Vale le pena referirse a que el movimiento de las
mujeres siempre fue más por delante que los planteamientos de la izquierda,
siempre muy pacata y temerosa de perder apoyos electorales ante el tema de la
legalización del aborto. Me permito una evocación personal al respecto:
recuerdo el primer mitin del Partido Comunista de España en Santa Fe, capital
de la Vega de
Granada, en puertas de las primeras elecciones generales, 1977. Un servidor
compartía cartel con Rosa María Félix, brillante y combativa universitaria y la
joven promesa local Rafael Rodríguez Alconchel. En su fogosa intervención Rosa habló,
saliéndose del guión oficial, de la legalización del aborto. Se me pusieron los
pelos de punta porque entendía que tal extremismo nos podía jugar una mala
pasada. Y así se lo dije. En ese momento yo era también la expresión de (casi)
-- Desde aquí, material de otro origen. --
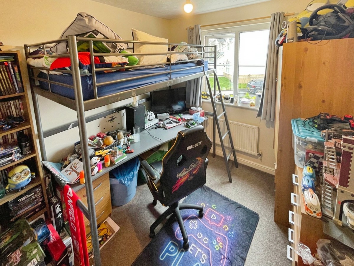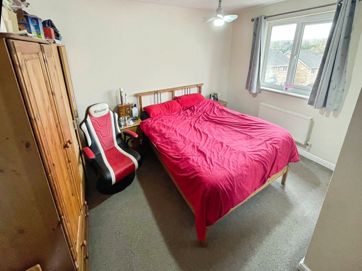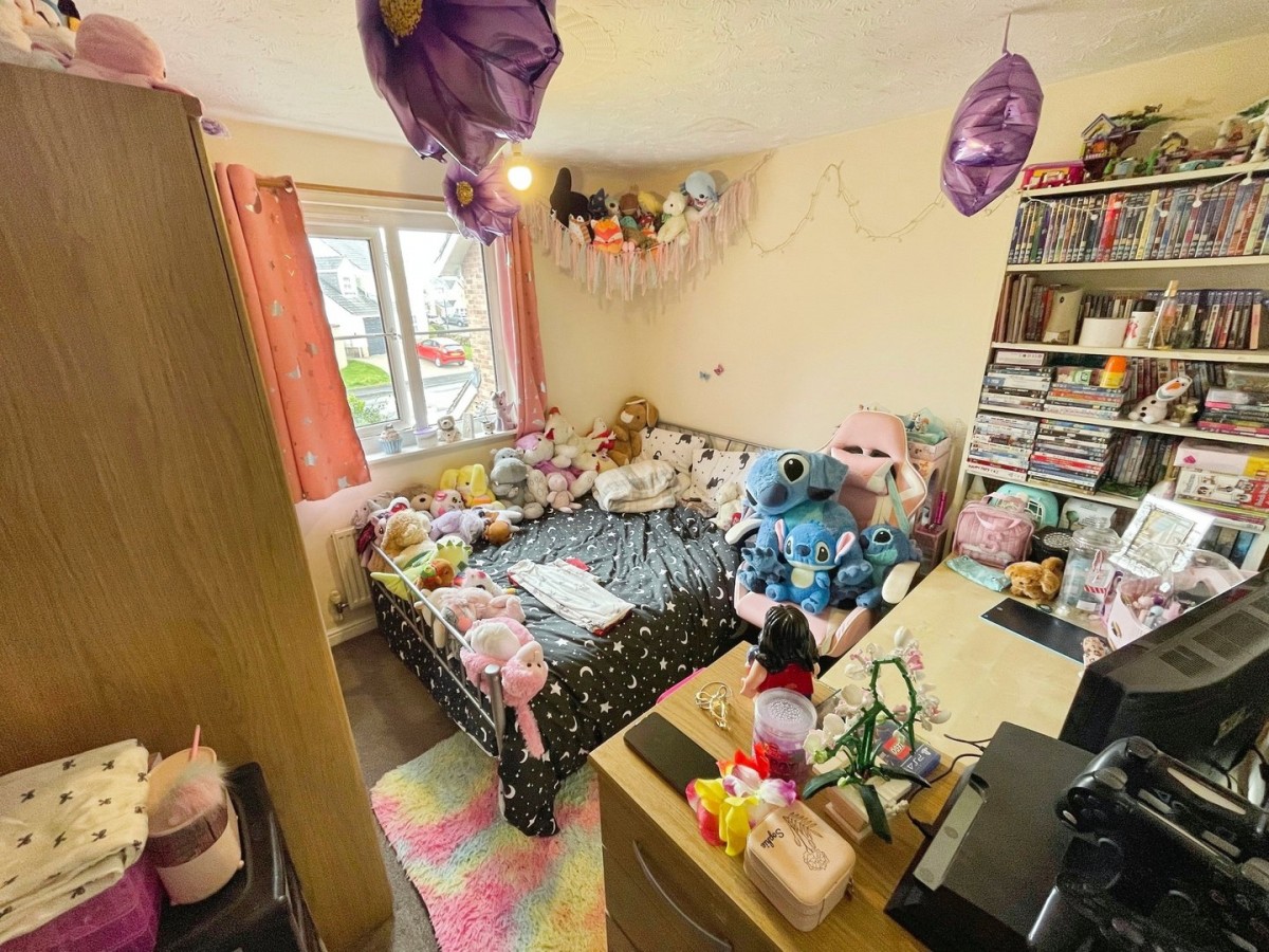 2.45m x 2.78m (8' 0" x 9' 1") Textured ceiling, centre pendant light, emulsioned walls, PVCu double glazed window overlooking the front, radiator, skirting and fitted carpet. Door to storage over the stairs with shelving.

todos los dirigentes comunistas que entendíamos que, en ese aspecto, teníamos
que ir con pies de plomo. Pero, Rosa María Félix era la más cabal expresión de
lo que iba cambiando vertiginosamente en la sociedad española de la época. No
entendíamos, pues, que ese aparente radicalismo
era siembra y regadío para obtener nuevos derechos de ciudadanía. Es decir, que
se estaba incubando la derrota de una vieja –y ya ridícula-- doble moral y doble contabilidad que venía
desde tiempos muy antiguos. Más todavía, aquel radicalismo estaba empezando a agrietar, los arcanos dogmas de las
derechas (incluidos los de la iglesia instalada) y, simultáneamente, los
cagadudas de la izquierda. Lo hacía desde la compleja e incómoda conllevancia de las mujeres con su
propio partido, al menos en ese aspecto.
Desde luego, de aquel potente movimiento de mujeres
vienen las grietas del Partido popular. En resumidas cuentas, aquel movimiento
de mujeres expresaba de manera contundente el valor y la utilidad de su propia
autonomía de proyecto y de trayecto. Ahora podemos decir lo que no vimos en
aquella época: el carácter seminal de ese movimiento.
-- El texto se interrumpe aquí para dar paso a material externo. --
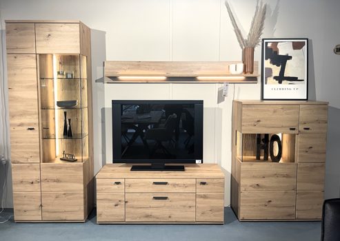 Lack crema und Eiche sand furniert – Stellmaß ca. 372 x 243 cm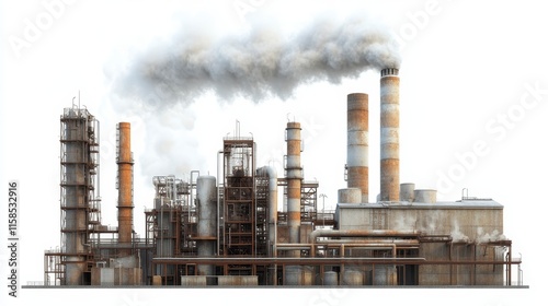 An industrial complex with smokestacks emitting smoke, showcasing the manufacturing process and environmental impact of factories.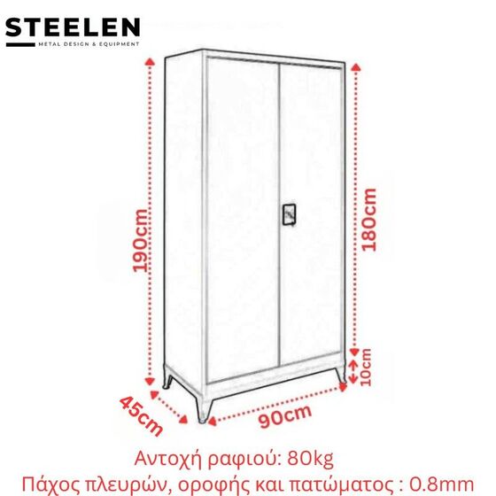 STEELEN Μεταλλική Ντουλάπα 90x45x190cm Πάχους 0.8mm Γαλβανιζέ με 4 Ράφια και Ρυθμιζόμενα Πόδια - 5 Αποθηκευτικοί Χώροι

Por otra parte, las propias explicaciones de Rajoy
en torno a la retirada de la ley, haciéndose obscenamente el mosquita muerta,
no han ido por el camino de la moral sino porque no «hay consenso en la
sociedad». Lo que indica implícitamente que, incluso en el territorio de la
derecha, las cosas en ese sentido han cambiado. Nos imaginamos el parraque que
habrán sufrido Rouco y sus hermanos.
Sí, es necesario hablar, aunque someramente, de los
altos funcionarios de la
Iglesia , cuyo campeador más montaraz es el cura mitrado de
Alcalá. Pues bien, soy del parecer que nada de lo que están diciendo estos
caballeros ensotanados está en clave teológica sino en la del poder, en la
pugna interna de la Iglesia
católica, apostólica y, por supuesto, romana. Esto es, qué sector de esa
creencia tiene la hegemonía de la moral, hecha poder, en los procesos en curso
y de cara al futuro. Es decir, si alcanzará más influencia social el saludable
reformismo del Papa Francisco o los representantes de las nieves de antaño. Y
comoquiera que la gran mayoría de la sociedad ha enviado al ropavejero una gran
parte del poder tradicional de la
Iglesia , entendida esta como las franquicias de sus altos
funcionarios, el exasperado obispo alcalaíno no tiene más remedio que gritar a
lo Júpiter Tonante, contra las «estructuras de pecado» de quienes van en
dirección opuesta. No es, pues, una cruzada religiosa ad majorem gloria dei sino una batalla por el poder, por la
fisicidad del poder: entre el reformismo o el Palmar de Troya. Digamos que la
batalla no está zanjada.
Como tampoco está históricamente zanjada la
intención de la religión católica –tampoco en el Islam— «de afirmarse como el
único fundamento posible de la comunidad, como el depósito de los recursos
morales. De una religión que acepta la democracia sólo como un producto
secundario y subordinado». Son palabras
de Riccardo Terzi que, a continuación, aclara: «Hablo de la institución, no del
sentimiento religioso».
En resumidas cuentas, al movimiento de las mujeres le
queda todavía mucho camino por recorrer. En todo caso, ahora tiene más aliados
en una sociedad más laica. De la que la política está un poco más pendiente,
incluidas las martingalas electoralistas; incluida también la parsimonia
pusilánime de ciertos partidos que todavía son estúpidamente temerosos de las
franquicias de la «cuestión vaticana».